— Exercise prompt —
Using the records below, output the stretch that opens with the line containing "Keywords: Lou &" and closes with the line containing "Blue Vintage Golf Cart Print", exactly and including both lines, with nothing more.

━━━━━ Dataset records

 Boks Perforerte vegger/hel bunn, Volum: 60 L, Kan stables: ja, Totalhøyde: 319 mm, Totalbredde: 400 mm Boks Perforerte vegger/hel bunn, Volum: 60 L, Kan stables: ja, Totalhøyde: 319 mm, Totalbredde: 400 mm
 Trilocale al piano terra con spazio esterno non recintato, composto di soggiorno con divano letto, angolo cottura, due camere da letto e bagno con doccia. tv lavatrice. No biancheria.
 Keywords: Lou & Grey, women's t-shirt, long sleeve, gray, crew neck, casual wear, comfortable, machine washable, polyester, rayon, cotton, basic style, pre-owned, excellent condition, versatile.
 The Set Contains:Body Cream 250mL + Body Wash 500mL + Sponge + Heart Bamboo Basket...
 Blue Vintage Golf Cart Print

━━━━━━━━━━
━━━━━ Dataset records

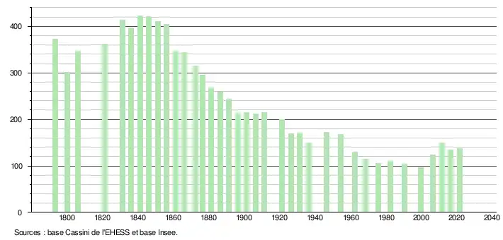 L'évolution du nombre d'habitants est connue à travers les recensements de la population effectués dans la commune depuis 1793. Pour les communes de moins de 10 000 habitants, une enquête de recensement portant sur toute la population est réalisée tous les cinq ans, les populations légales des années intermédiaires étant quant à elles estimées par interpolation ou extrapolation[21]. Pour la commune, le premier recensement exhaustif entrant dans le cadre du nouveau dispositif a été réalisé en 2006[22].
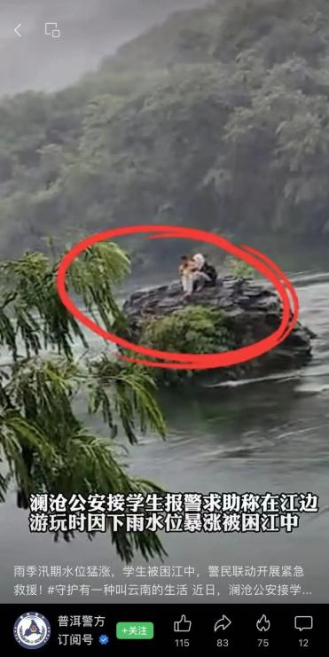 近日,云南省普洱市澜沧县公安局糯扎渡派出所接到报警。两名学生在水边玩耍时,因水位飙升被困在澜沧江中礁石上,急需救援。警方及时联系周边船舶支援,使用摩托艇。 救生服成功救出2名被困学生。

━━━━━━━━━━

— Result for this exercise —
 Keywords: Lou & Grey, women's t-shirt, long sleeve, gray, crew neck, casual wear, comfortable, machine washable, polyester, rayon, cotton, basic style, pre-owned, excellent condition, versatile.
 The Set Contains:Body Cream 250mL + Body Wash 500mL + Sponge + Heart Bamboo Basket...
 Blue Vintage Golf Cart Print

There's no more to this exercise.